Step 1: Verify your connection with ellmer

Install and load:

Set your key in .Renviron (recommended):

usethis::edit_r_environ()
# Add:
# PORTKEY_API_KEY=your_real_key_here

Restart R after editing .Renviron.

NYU users: If you are affiliated with NYU, please contact Genai-research-support@nyu.edu to obtain your NYU Portkey API key.

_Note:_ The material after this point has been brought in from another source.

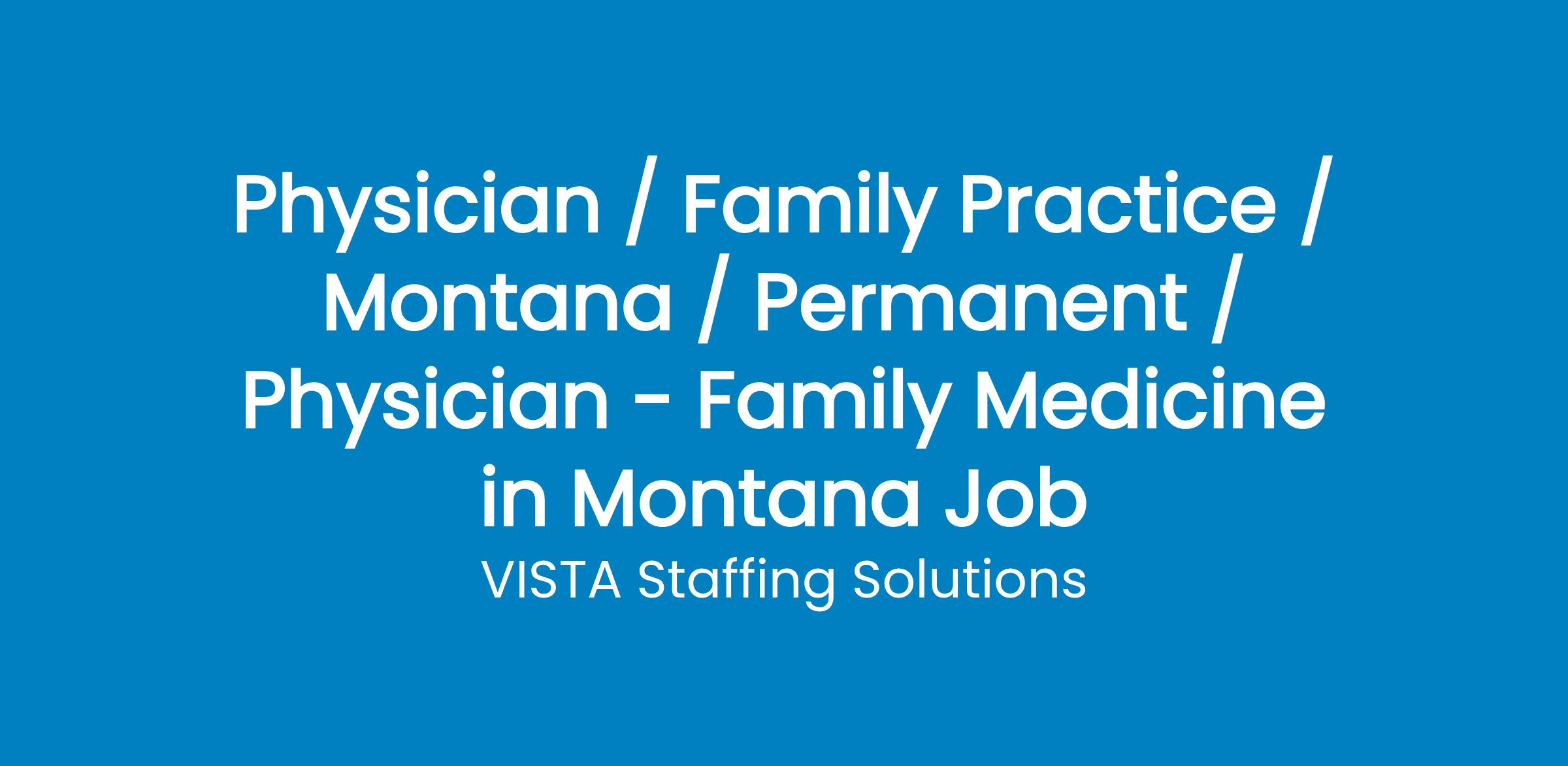 Are you a Family Medicine Physician searching for your next exciting locum tenens opportunity? This position with one of VISTA's healthcare partners in Montana might just be the opportunity for you!

Run a small smoke test directly with ellmer:

library(ellmer)

integration = "vertexai" # gateway route slug from ellmer::models_portkey()
model <- "gemini-2.5-flash-lite"
model_string = paste0("@", integration, "/", model)

chat <- chat_portkey(
  model = model_string,
  base_url = "https://ai-gateway.apps.cloud.rt.nyu.edu/v1/"
)

chat$chat("Tell me one short joke about books.")

## Why did the book go to therapy?
## 
## Because it had too many issues!

If this call returns successfully, your base configuration is working.

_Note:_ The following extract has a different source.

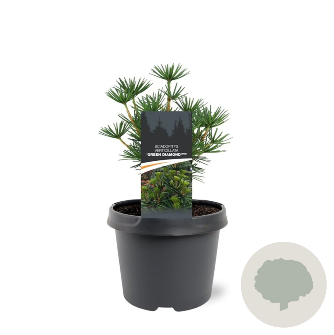 | Toelichting | De Japanse parasolden (Sciadopitys vert. Green Diamond) is een prachtige conifeer met donkergroene naalden en gele bloemen in mei - juni. Deze sierlijke boom gedijt goed in zon en halfschaduw op zandgrond, neutrale grond of goede tuingrond. |

For NYU/Portkey-style gateways, note that the route prefix is the gateway’s recognized slug, not always the upstream provider name. If you are unsure, check ellmer::models_portkey() first or use the fully-qualified model string that already works in chat_portkey().

ellmer::models_portkey(
  base_url = "https://ai-gateway.apps.cloud.rt.nyu.edu/v1/"
)

Step 2: Run a minimal nalanda workflow

Once ellmer works, nalanda::run_ai_on_chapters() uses the same setup and returns structured outputs for chapter simulations.

We also set package options at the beginning of a script so we do not need to repeat the same arguments in each call.

library(nalanda)

options(
  nalanda.integration = "vertexai",
  nalanda.base_url = "https://ai-gateway.apps.cloud.rt.nyu.edu/v1/"
)

demo_chapter <- "A short chapter about people from different groups cooperating."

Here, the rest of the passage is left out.